# Autumn is definitely earlier....



## {97702} (11 August 2017)

I rarely venture into this part of the forum as I have not hunted so far (due to a lack of suitable horses!),but it made me smile the other morning when I turned my horse out.  A young fox ran across the paddock in front of me, bold as brass......... I went back to the yard and found the swallows were lining up on the telegraph lines...... autumn is definitely here, earlier than it ever used to be.......


----------



## Bernster (27 August 2017)

Not ready to let go of summer just yet!  But I always notice when the nights start to draw in, makes me sad as I miss the long light evenings. But I am hoping to do a bit of hunting this year so that makes it more fun even in the depths of winter.  He's been out twice when I first got him.  I think he'll be a good horse to hunt so am looking forward to it.


----------



## Clodagh (27 August 2017)

Got up to do the pheasants this morning and it was definately a cubbing morning. I always much preferred it to 'proper' hunting as to me hound work was everything.


----------



## AdorableAlice (27 August 2017)

Harvest is off around us and hounds out in the morning.  My acer trees are already red and one of the horses has dumped her summer coat in one go and is setting her winter coat.  

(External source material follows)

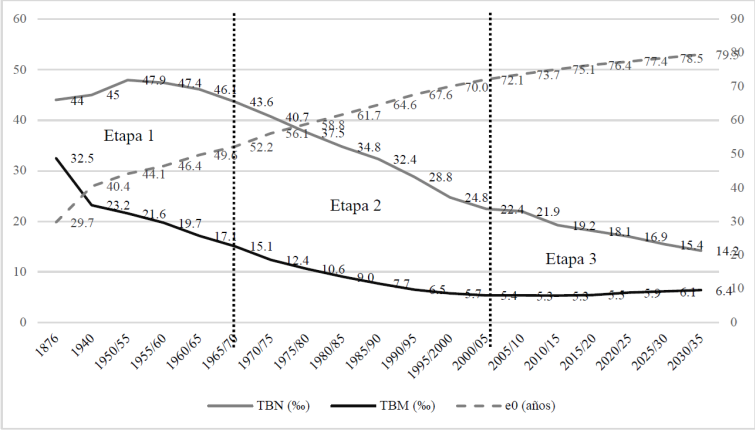 De manera más específica, cabe precisar que para las estimaciones de la tasa bruta de mortalidad (TBM), la tasa bruta de natalidad (TBN), la esperanza de vida al nacer (eo) y la tasa de mortalidad infantil (TMI), se ha podido trabajar con resultados del Censo General de 1876 y del Censo Nacional de Población y Ocupación de 1940, presentados por Varillas Montenegro et al. (1990), y a partir de 1950 con la información estadística brindada por CEPALSTAT, la cual está presentada por periodos quinquenales de 1950/55 a 2025/35 (con estimaciones hasta 2010/15 y proyecciones entre 2015/20 y 2030/35). Para observar estos mismos indicadores desagregados entre áreas urbanas y rurales a partir de 1970 y hasta 2025, se ha recurrido al Boletín de Análisis Demográfico No 35 del INEI (2001), al igual que para presentar las tasas netas de migración entre las áreas urbanas y rurales de Perú durante el mismo intervalo y poner en perspectiva la periodización propuesta de la transición demográfica con los movimientos migratorios entre ambas áreas de residencia. En cuanto a los resultados referidos a las tasas de migración internacional por periodos quinquenales entre 1970 y 2025, se usaron los datos de CEPALSTAT.
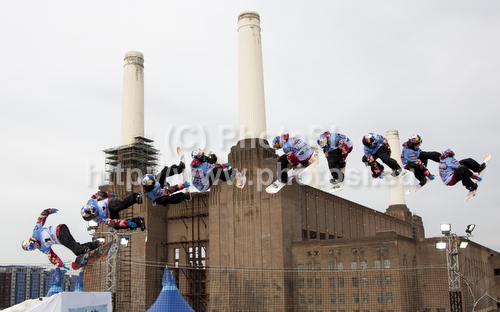 : A blended shot of a snowboarder takes to the air competing in the training session of the FIS Snowboard Big Air World Cup and freestyle skiing show at the London Freeze Festival at Battersea Power Station, London.

We had the mildest driest winter on record last year.  Nature always rights herself, so what will it be, long and wet winter or long and cold, we shall see.


----------



## Fidgety (27 August 2017)

Lévrier;13611557 said:
			
		


			I went back to the yard and found the swallows were lining up on the telegraph lines...... autumn is definitely here, earlier than it ever used to be.......
		
Click to expand...

The swallows seem to have been on a feeding frenzy this last couple of days, I think they're stocking up for the journey, it's so sad when they head off .  I do love September though, there really is something exciting about the quality of the light and the misty mornings.


----------



## Bernster (30 August 2017)

And got my first notifications of autumn hunting this week too.  But I don't do the bonkers early starts so will wait it out until a more civilised time of day haha.


----------



## spacefaer (30 August 2017)

Bernster said:



			And got my first notifications of autumn hunting this week too.  But I don't do the bonkers early starts so will wait it out until a more civilised time of day haha.
		
Click to expand...

One of my local packs is doing quite a few 6pm meets. Gets more people out, and there's a barbecue afterwards (fundraising by the hunt supporters club) - it's too warm and the ground is too hard for hounds to be doing much anyway. So just an educational outing for horses and hounds, with a social thrown in!


----------



## Goldenstar (30 August 2017)

Chill in the alr and we have about a week to go before starting
Beagles where on a neighbours farm this am Fatty and Tatts went nuts, H was ok he was ...hounds ,horn oh hellow of course I will come in mmmm breakfast .
Tatts is still storming around he won't need working today .


----------



## {97702} (30 August 2017)

Bernster said:



			And got my first notifications of autumn hunting this week too.  But I don't do the bonkers early starts so will wait it out until a more civilised time of day haha.
		
Click to expand...

My local pack has been cubbing for a week or so now, they also do evening/on foot/lead rein 'cubbing' sessions, it is great   Not that I have managed to go on any of them yet of course... sigh....


----------



## spacefaer (30 August 2017)

Lévrier;13623465 said:
			
		


			My local pack has been cubbing for a week or so now, they also do evening/on foot/lead rein 'cubbing' sessions, it is great   Not that I have managed to go on any of them yet of course... sigh....
		
Click to expand...

(whispers .....Not the "c" word....!!)


----------